Terminati i sei mesi di proroga ciascun commerciante avrà a disposizione solo 12 giorni di tempo dopo aver effettuato la cessione di beni o prestazione di servizi. 

Scontrino elettronico: le sanzioni e tutti gli esonerati 

Secondo quanto riportato nel decreto del Ministero dell’Economia e dellFinanze sono esonerati dall’obbligo di emettere scontrino elettronico: 

  • notai
  • tabaccai (tutti i negozianti che vendono merci dai Monopoli di Stato)
  • tassisti
  • giornalai
  • venditori di prodotti agricoli
  • somministratori di alimenti e bevande in mense aziendali, interaziendali, scolastiche ed universitarie, ecc
  • autoscuole
  • venditori ambulanti
  • somministratori di alimenti e bevande effettuate in forma itinerante negli stadi, stazioni ferroviarie e simili, nei cinema, teatri e altri luoghi pubblici e in occasione di manifestazioni in genere
  • venditori ambulanti di cartoline e souvenirs
  • attività partite nel 2019 o marginali (ovvero coloro che quest’anno hanno ricavi non superiori all’1% del volume d’affari del 2018). 

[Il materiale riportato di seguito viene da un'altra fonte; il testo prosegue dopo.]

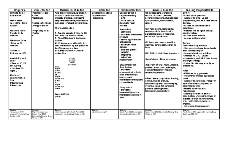 Med Card 7 Hydralazine Instructions For Each Chapter That Teaches About Medications Fill In Studocu
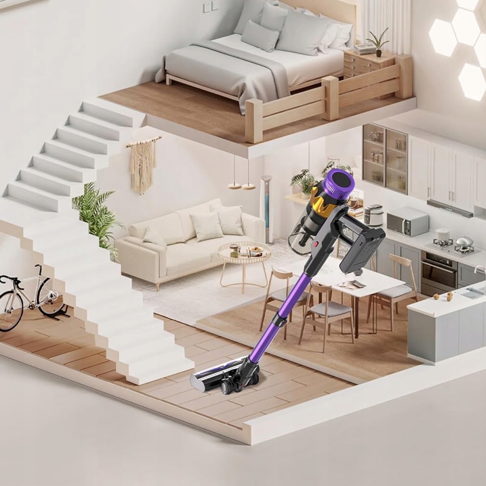 Зустрічайте універсального помічника в прибиранні! Цей потужний бездротовий вертикальний пилосос поєднує в собі потужність основного пилососа зі зручністю легкого ручного пилососа. Завдяки повному набору з 6 аксесуарів ви зможете ідеально очистити будь-яку поверхню у вашому домі, від твердих підлог і килимів до диванів, автомобілів і важкодоступних куточків. Його сучасний дизайн і передові технологічні функції роблять прибирання легким, швидким і ефективним.
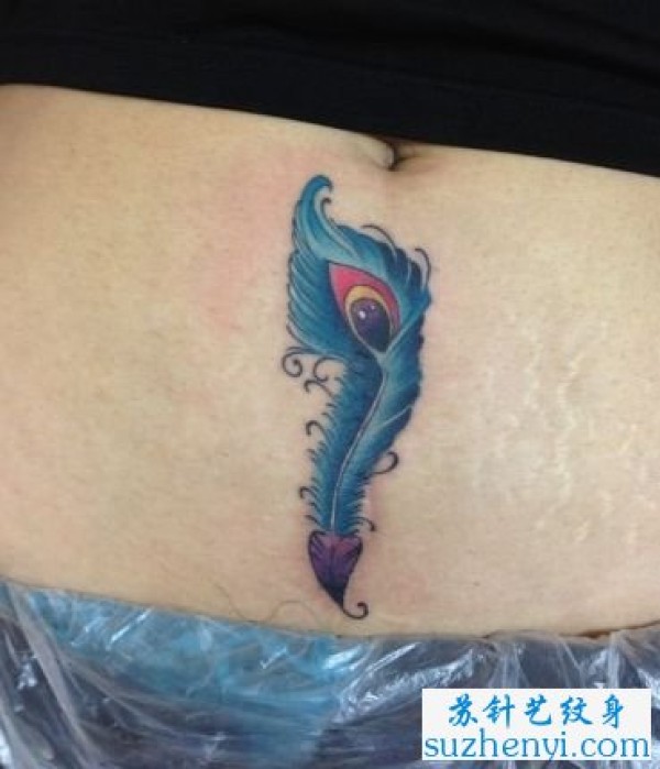 腹部彩色羽毛纹身_小清新纹身图案大全_纹身图吧
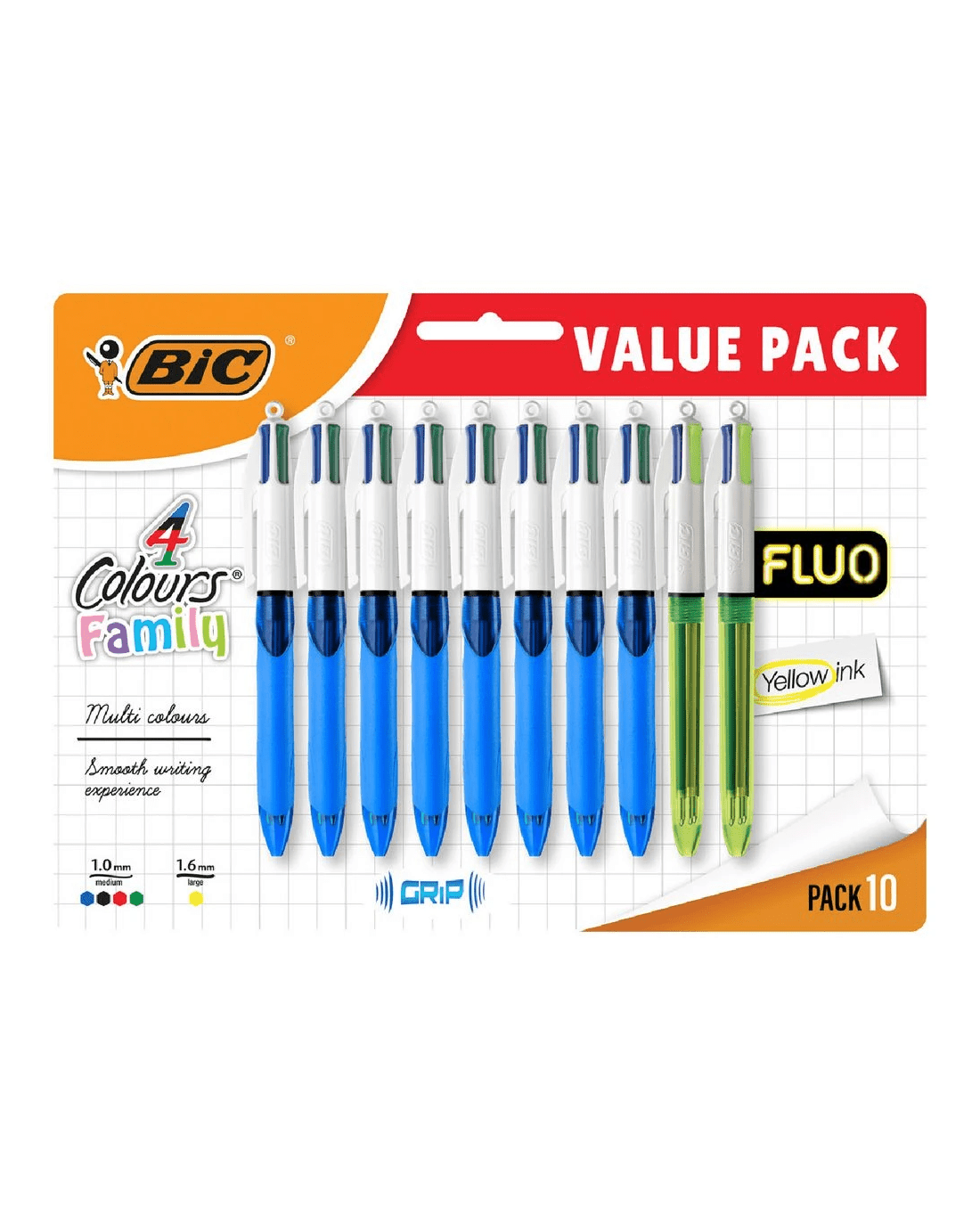 Sold by OfficeworksBIC 4-Colours Grip Fluoro Ballpoint Pens Assorted 10 Pack
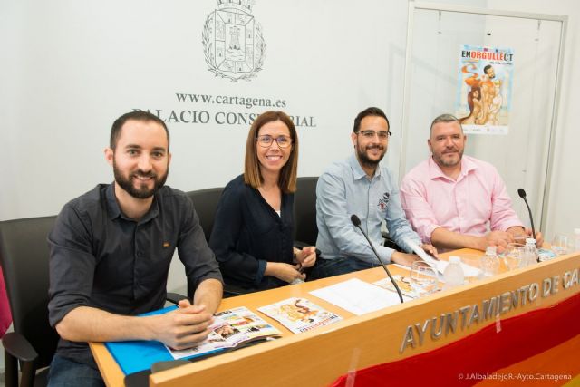 Teatro, conciertos, jornadas de convivencia o actos reivindicativos de Igualdad protagonizan la programación del EnOrgulleCT 2016, que cuenta con la colaboración del Ayuntamiento de Cartagena. Los actos se iniciarán vistiendo de los colores del Arco Iris el Palacio Consistorial el viernes 17 de junio con un izado de banderas, amenizado por la Agrupación musical Sauces que ofrecerá un concierto a las 19:00 horas en la Plaza del Ayuntamiento.
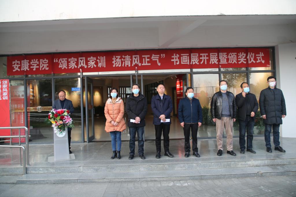 12月22日下午,滚球买球的app官网“颂家风家训 扬清风正气”书画展开展暨书画展、征文活动颁奖仪式在江北校区艺术楼一楼正式举行。校长钟生海,党委副书记杨行玉,党委副书记、纪委书记、监察专员安永强,纪委副书记谢玉玺,有关部门及二级学院负责人,安康市群艺馆、汉滨区文化馆相关人员和获奖师生代表。
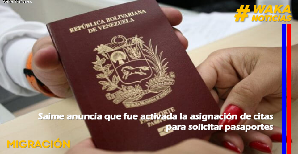 (Waka Noticias. Puerto Ayacucho, 24/01/2021).- A través de su cuenta en Twitter, el Servicio Administrativo de Identificación, Migración y Extranjería (Saime) anunció que fue activada la asignación de citas para solicitar pasaportes.
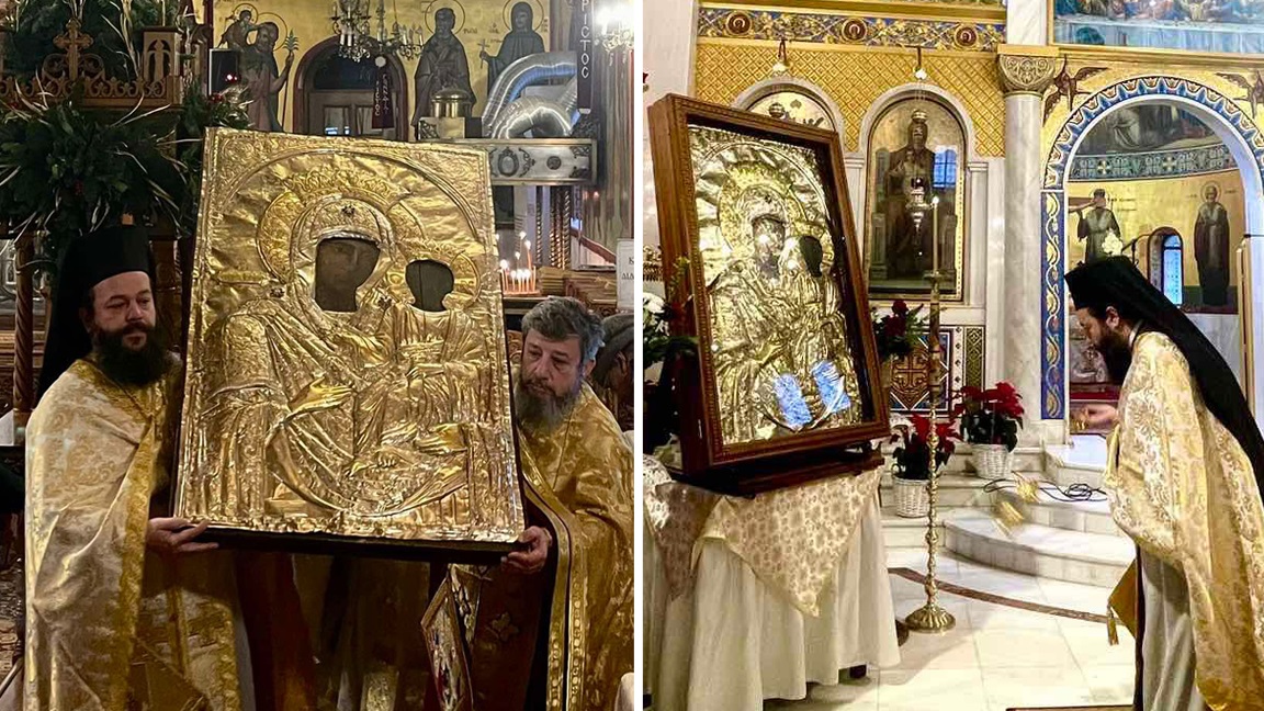 Στη συνέχεια, η Ιερά Εικόνα επέστρεψε με λιτανευτική πομπή στο θρονί της και ο Πανοσιολ. Πρωτοσύγκελλος π. Επιφάνιος κρέμασε και άναψε την νέα αργυρά ακοίμητη Κανδύλα, την οποία προσέφερε ως ευλογία η Α.Θ.Π. ο Οικουμενικός Πατριάρχης κ.κ. Βαρθολομαίος, κατά την επίσκεψή του στον Ιερό Ναό τον περασμένο Νοέμβριο.

Non dovranno adeguarsi alla nuova modalità di certificazione dei corrispettivi partita dal primo gennaio 2020 i soggetti che effettuano prestazioni di trasporto pubblico collettivo di persone e di veicoli e bagagli al seguito, con qualunque mezzo esercitato, per le quali il biglietto di trasporto assolve alla funzione di certificazione fiscale.

Non dovranno essere memorizzate e trasmesse in modalità elettronica le operazioni effettuate a bordo di navi, aerei o treni nel caso di trasporti internazionali, come le navi da crociera.

Saranno esonerati dallo scontrino elettronico gli esercenti impianti di distribuzione di carburante per le operazioni diverse da quelle di cessioni di benzina e gasolio i cui compensi o ricavi non superino l’1% del volume d’affari dell’anno precedente.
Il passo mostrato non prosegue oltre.